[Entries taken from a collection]

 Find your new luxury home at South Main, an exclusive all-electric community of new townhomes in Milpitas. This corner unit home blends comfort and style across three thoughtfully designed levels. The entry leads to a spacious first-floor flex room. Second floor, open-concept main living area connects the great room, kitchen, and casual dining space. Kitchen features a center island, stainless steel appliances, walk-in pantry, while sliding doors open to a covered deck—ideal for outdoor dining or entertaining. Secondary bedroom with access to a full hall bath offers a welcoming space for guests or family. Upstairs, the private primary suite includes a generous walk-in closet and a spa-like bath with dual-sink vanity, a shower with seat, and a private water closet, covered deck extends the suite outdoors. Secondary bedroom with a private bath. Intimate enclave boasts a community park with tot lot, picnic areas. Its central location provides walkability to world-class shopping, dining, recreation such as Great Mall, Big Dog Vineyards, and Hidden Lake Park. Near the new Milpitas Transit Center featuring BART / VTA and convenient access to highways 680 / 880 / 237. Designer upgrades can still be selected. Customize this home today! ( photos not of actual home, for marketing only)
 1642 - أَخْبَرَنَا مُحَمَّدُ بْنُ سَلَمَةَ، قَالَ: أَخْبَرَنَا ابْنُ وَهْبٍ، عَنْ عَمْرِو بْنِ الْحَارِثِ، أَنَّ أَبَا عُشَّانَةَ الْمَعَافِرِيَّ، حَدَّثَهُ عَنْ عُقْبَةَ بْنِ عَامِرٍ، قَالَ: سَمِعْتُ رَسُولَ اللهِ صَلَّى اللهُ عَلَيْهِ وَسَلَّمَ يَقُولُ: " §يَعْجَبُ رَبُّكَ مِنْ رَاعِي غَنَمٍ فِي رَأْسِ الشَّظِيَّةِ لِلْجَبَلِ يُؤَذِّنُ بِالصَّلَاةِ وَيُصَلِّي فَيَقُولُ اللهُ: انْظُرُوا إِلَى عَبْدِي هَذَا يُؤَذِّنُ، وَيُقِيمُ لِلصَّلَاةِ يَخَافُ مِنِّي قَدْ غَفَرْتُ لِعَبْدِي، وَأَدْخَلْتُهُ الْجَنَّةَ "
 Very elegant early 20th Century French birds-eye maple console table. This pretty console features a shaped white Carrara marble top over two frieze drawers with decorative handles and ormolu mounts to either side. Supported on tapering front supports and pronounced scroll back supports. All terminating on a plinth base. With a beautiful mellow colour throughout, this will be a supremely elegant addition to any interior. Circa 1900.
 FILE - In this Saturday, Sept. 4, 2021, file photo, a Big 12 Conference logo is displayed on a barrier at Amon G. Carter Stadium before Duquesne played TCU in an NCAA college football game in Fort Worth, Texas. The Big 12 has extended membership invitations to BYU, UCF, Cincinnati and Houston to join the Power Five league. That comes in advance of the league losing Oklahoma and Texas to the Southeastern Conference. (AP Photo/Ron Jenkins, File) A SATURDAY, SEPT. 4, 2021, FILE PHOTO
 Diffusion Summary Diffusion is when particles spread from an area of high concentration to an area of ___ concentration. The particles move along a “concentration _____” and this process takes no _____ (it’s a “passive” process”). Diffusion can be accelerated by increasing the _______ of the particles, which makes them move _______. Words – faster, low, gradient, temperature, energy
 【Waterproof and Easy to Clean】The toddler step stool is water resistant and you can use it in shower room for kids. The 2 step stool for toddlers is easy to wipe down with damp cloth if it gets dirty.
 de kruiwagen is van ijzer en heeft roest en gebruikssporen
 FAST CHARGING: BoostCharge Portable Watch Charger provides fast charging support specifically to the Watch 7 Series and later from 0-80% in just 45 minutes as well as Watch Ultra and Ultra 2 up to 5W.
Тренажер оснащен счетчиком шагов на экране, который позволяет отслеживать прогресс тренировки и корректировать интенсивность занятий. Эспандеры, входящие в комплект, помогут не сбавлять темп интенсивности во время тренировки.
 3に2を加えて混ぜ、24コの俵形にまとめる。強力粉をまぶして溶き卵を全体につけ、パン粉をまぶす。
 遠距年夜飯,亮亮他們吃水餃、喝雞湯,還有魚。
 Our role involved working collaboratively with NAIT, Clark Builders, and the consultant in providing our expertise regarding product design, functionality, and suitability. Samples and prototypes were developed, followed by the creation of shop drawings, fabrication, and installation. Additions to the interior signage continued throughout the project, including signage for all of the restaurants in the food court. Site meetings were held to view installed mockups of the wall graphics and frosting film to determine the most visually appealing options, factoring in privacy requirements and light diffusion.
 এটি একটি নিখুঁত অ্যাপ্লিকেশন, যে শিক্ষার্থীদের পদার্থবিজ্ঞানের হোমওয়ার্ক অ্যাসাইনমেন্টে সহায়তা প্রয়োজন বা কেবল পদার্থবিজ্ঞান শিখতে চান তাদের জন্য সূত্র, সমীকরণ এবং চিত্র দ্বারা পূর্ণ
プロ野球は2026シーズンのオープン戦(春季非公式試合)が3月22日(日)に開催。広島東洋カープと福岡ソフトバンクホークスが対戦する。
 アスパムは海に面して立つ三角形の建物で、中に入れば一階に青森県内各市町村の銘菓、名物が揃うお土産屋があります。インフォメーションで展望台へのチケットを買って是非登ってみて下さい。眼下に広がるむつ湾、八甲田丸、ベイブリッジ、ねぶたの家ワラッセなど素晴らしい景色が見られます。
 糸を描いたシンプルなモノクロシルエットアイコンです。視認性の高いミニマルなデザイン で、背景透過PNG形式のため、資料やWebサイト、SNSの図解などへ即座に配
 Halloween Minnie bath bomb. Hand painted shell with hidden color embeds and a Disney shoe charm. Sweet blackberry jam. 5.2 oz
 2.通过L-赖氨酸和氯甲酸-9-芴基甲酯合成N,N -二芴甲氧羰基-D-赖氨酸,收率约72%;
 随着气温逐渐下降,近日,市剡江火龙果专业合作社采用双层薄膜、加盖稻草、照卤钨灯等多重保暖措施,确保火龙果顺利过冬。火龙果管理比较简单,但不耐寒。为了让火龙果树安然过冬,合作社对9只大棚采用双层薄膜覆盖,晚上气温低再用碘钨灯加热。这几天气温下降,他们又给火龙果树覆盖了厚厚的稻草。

*What the exercise asks:* Above are the records; print exactly the lines from the line with "it gets dirty." to the line with "プロ野球は2026シーズンの", including both, and nothing else.

*Exercise result:*
 【Waterproof and Easy to Clean】The toddler step stool is water resistant and you can use it in shower room for kids. The 2 step stool for toddlers is easy to wipe down with damp cloth if it gets dirty.
 de kruiwagen is van ijzer en heeft roest en gebruikssporen
 FAST CHARGING: BoostCharge Portable Watch Charger provides fast charging support specifically to the Watch 7 Series and later from 0-80% in just 45 minutes as well as Watch Ultra and Ultra 2 up to 5W.
Тренажер оснащен счетчиком шагов на экране, который позволяет отслеживать прогресс тренировки и корректировать интенсивность занятий. Эспандеры, входящие в комплект, помогут не сбавлять темп интенсивности во время тренировки.
 3に2を加えて混ぜ、24コの俵形にまとめる。強力粉をまぶして溶き卵を全体につけ、パン粉をまぶす。
 遠距年夜飯,亮亮他們吃水餃、喝雞湯,還有魚。
 Our role involved working collaboratively with NAIT, Clark Builders, and the consultant in providing our expertise regarding product design, functionality, and suitability. Samples and prototypes were developed, followed by the creation of shop drawings, fabrication, and installation. Additions to the interior signage continued throughout the project, including signage for all of the restaurants in the food court. Site meetings were held to view installed mockups of the wall graphics and frosting film to determine the most visually appealing options, factoring in privacy requirements and light diffusion.
 এটি একটি নিখুঁত অ্যাপ্লিকেশন, যে শিক্ষার্থীদের পদার্থবিজ্ঞানের হোমওয়ার্ক অ্যাসাইনমেন্টে সহায়তা প্রয়োজন বা কেবল পদার্থবিজ্ঞান শিখতে চান তাদের জন্য সূত্র, সমীকরণ এবং চিত্র দ্বারা পূর্ণ
プロ野球は2026シーズンのオープン戦(春季非公式試合)が3月22日(日)に開催。広島東洋カープと福岡ソフトバンクホークスが対戦する。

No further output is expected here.